Sorunun cevabı sanırım şu olmalıdır. Cihanda bir tek gayrimüslim gösterin ki 31 Aralık tarihini MEKKENİN FETTİ OLARAK kutlasın ya da KURBAN bayramımızı, RAMAZAN bayramımızı Bayram olarak kutlamak için günler hatta haftalar öncesinden devlet eli ile belediyeler aracılığı ile Sivil toplum kuruluşları vasıtası ile şanlı ecdat torunları olan bizleri YILBAŞI (? ) Kutlamaya hazırlasın.
Elbette ki 31 Aralık tarihi Müslüman ülkelerde dâhil maalesef Tüm dünya genelinde Yeni bir yılın başlangıcı olarak kabul ediliyor ve tüm sosyal, siyasi ve ekonomik planlar 1 Ocak tarihine göre yeniden dizayn ediliyorken, 21. YY’ da Ülke olarak kendimizi 1 Ocak tarihine göre hazırlamak akılcılığın gereğidir. Ancak burada dikkat edilmesi gereken husus gayri Müslimlere özenip 31 Aralık tarihini onlar gibi kutlamamaktır.
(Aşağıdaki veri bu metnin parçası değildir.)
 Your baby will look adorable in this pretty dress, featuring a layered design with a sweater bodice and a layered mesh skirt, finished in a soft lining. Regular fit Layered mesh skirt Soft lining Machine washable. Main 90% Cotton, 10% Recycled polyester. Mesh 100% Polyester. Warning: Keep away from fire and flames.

Sakın ola kimse çıkıp da şunu demesin. Biz “NOEL” i değil “YIL BAŞI”nı kutluyoruz. 31 ARALIK Tarihini Müslüman olmayanlar gibi, onların inandıkları şekli ile kutlamıyoruz. Biz bu günü bir arada toplamak için vesile ediyoruz. Emin olun ki bu cevabı verenler olarak sadece ve sadece kendimizi kandırıyor, bizleri örnek alan çocuklarımızın da yarınlarında kendilerini kandırmalarına zemin hazırlıyoruz.
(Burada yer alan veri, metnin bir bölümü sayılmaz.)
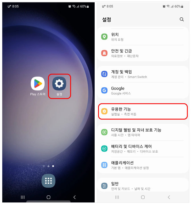 1) 설정 아이콘 클릭 후 유용한 기능 메뉴를 클릭합니다.

Âlemlere rahmet olarak gönderilen Peygamber efendimiz Buyuru ki “Her kim bir kavme benzemeye çalışırsa oda onlardandır” Ve yine buyuru ki; “Karış karış arşın arşın sizden öncekilerin yollarına uyacaksınız. Hatta onlar bir keler(sürüngen hayvan) deliğinden girse sizde gireceksiniz” Sahabe-i kiram ( bizden öncekilerden maksat ) Yahudiler ve Hıristiyanlar mı ey Allahın resulü sorusu üzerine “ Onlar değilse ya kim” diyerek gayri Müslimlerin kendi inaçları gereği yapmış oldukları uygulamaları taklit etmemizi yasaklamıştır.
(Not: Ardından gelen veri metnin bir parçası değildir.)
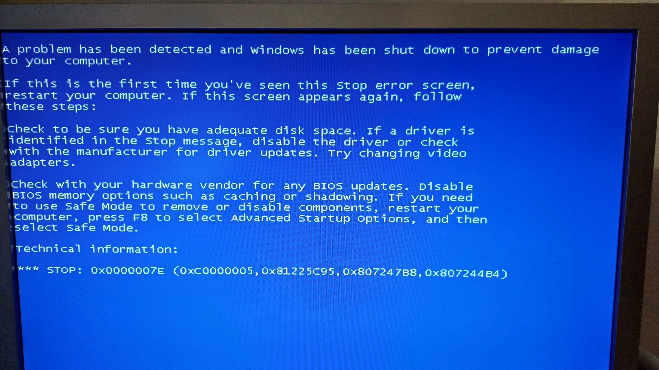 ich wollte auf einem alten Computer (von ca. 2003) Windows Vista installieren. Beim Einlegen auf der Installations-DVD lädt er anfangs ganz normal bis mitten beim Bootscreen ein Bluescreen erscheint (Bild im Anhang). Ich würde gerne wissen, welcher Fehler das ist und was man da machen könnte.

Öyle ise bizlere düşen Dinimizin gereği olarak 31 Aralık tarihini miladi takvime göre yeni bir takvim yılı başlangıcı olmasının dışında ayrı bir mana ve önem vererek kutlamamak, illa bir kutlama yapacak isek Müslüman’a yakışan bir şekilde 31 Aralık tarihini MEKKENİN FETTİ olarak idrak etmektir.
Bu duygu ve düşüncelerim ile Tüm Türk İslam âleminin 31 Aralık Mekke’nin Fethi’ni tebrik ediyor, selam sevgi ve saygılarımı sunuyorum.